Nonetheless, Nunes continues to pursue the unmasking issue and plans to introduce legislation to address concerns about how the unmasking process affects Americans’ privacy.
His efforts are supported by the recent release of a set of memos suggesting that the Obama-era NSA and FBI violated specific civil liberty protections by improperly searching and sharing raw intelligence on American citizens. The documents identify more than 90 incidents where violations could have impacted American citizens.
The NSA has also admitted that it has been slow to notify fellow agencies in instances when it has wrongly shared information about American citizens. Such notifications are supposed to be made within 5 days. The NSA’s average is 19.
Editor’s note: Burr is dead wrong, Obama’s wiretapping is one of the worst breaches of Constitutional freedoms in history, actually using U.S. Government intelligence resources to spy on his political rivals. This is the kind of behavior you would expect from a third world dictator, not the America we know and love.

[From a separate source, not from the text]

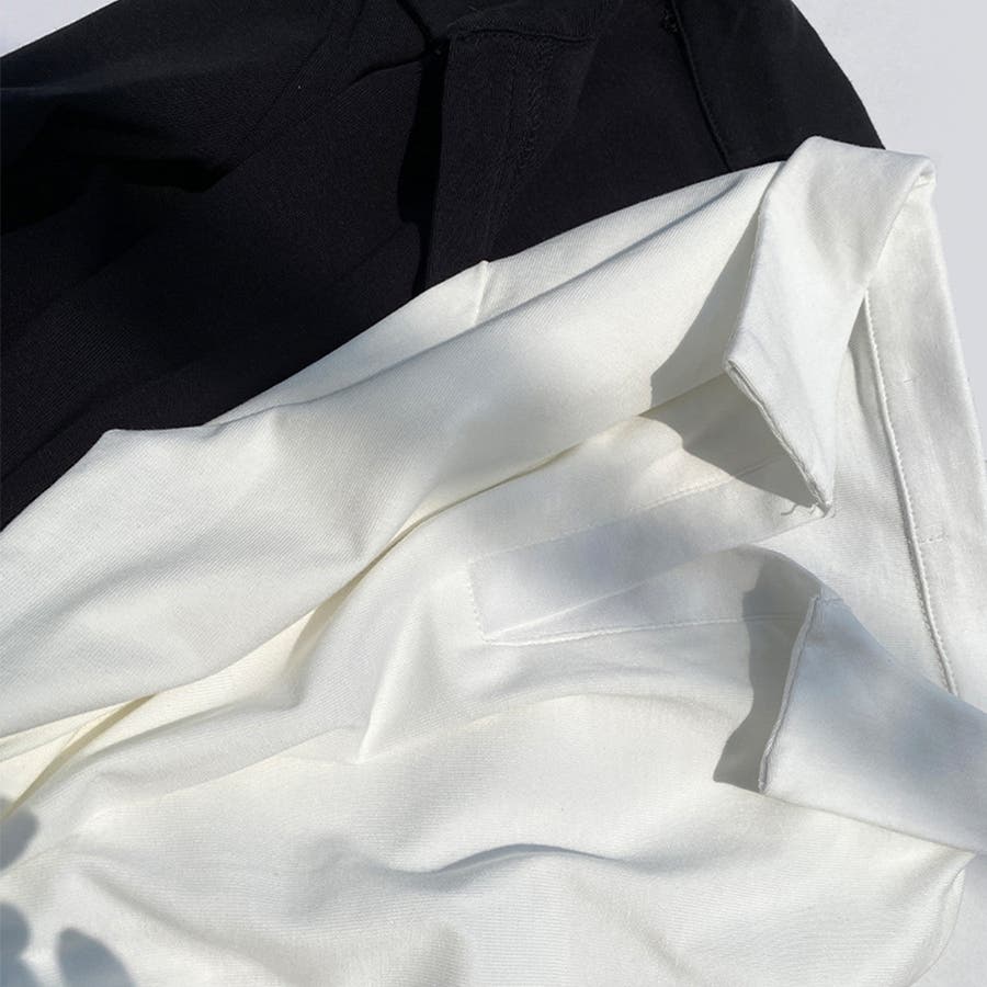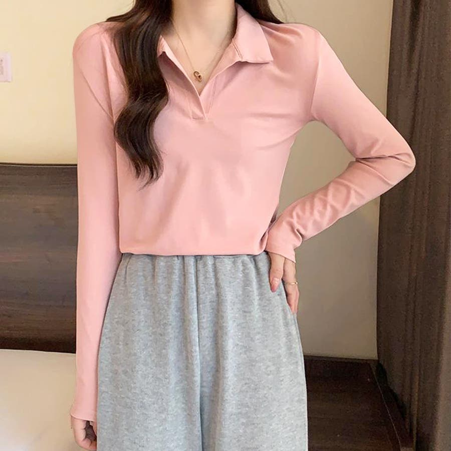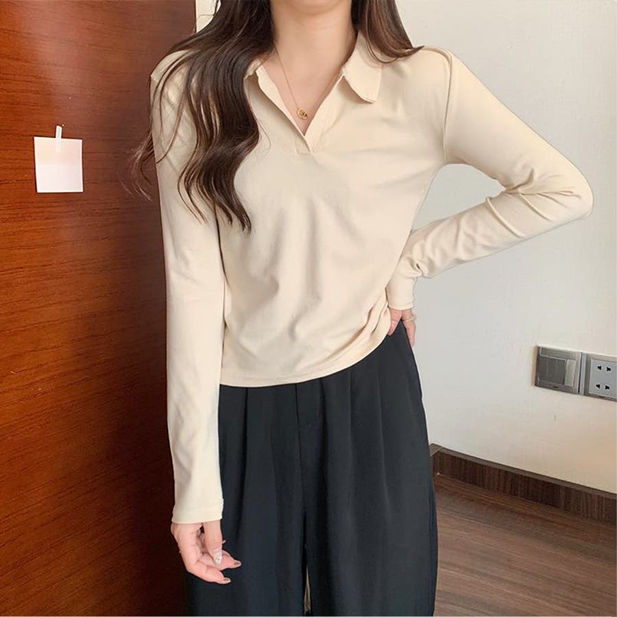・スキッパーカラーで首元すっきり!お気に入りのネックレスを合わせてキレイ目コーデに☆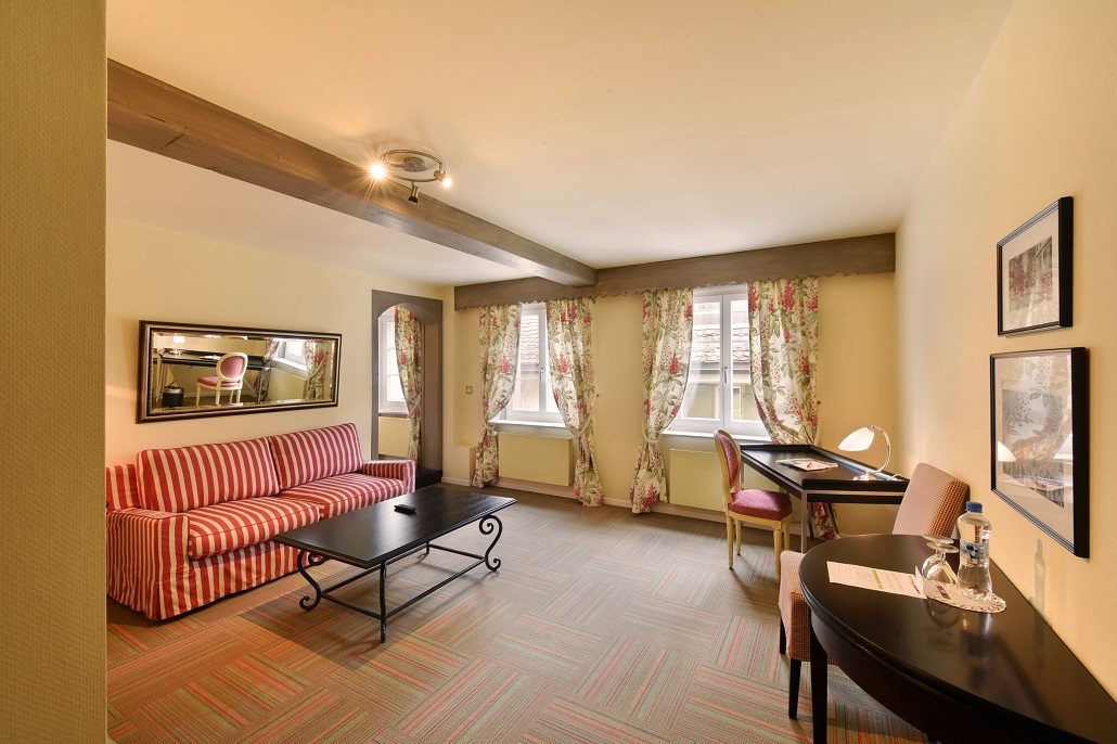 Diese charmant eingerichtete Suite auf der zweitobersten Etage bietet ein grosszügiges Wohnzimmer mit Sitzecke und Schlafsofa, einen Arbeitsplatz sowie ein grosses, separates Schlafzimmer mit einem Doppelbett (180cmx200cm) für zwei Personen, sowie ein separates Einzelzimmer das auch als Nanny-Room genutzt werden kann. Auf Wunsch ist ein zusätzliches Einzelzimmer über eine Verbindungstür verfügbar.

In my intelligence days, if our activities came anywhere close to a ‘U.S. person’ (citizens, green card holders, etc.) we immediately pulled back, and waited for guidance. That activity would not continue without consent and involvement by the FBI. It seems that no one in the Obama Administration respected civil rights and felt free to conduct surveillance on Americans, without a court order or due process. Its illegal, immoral and un-American.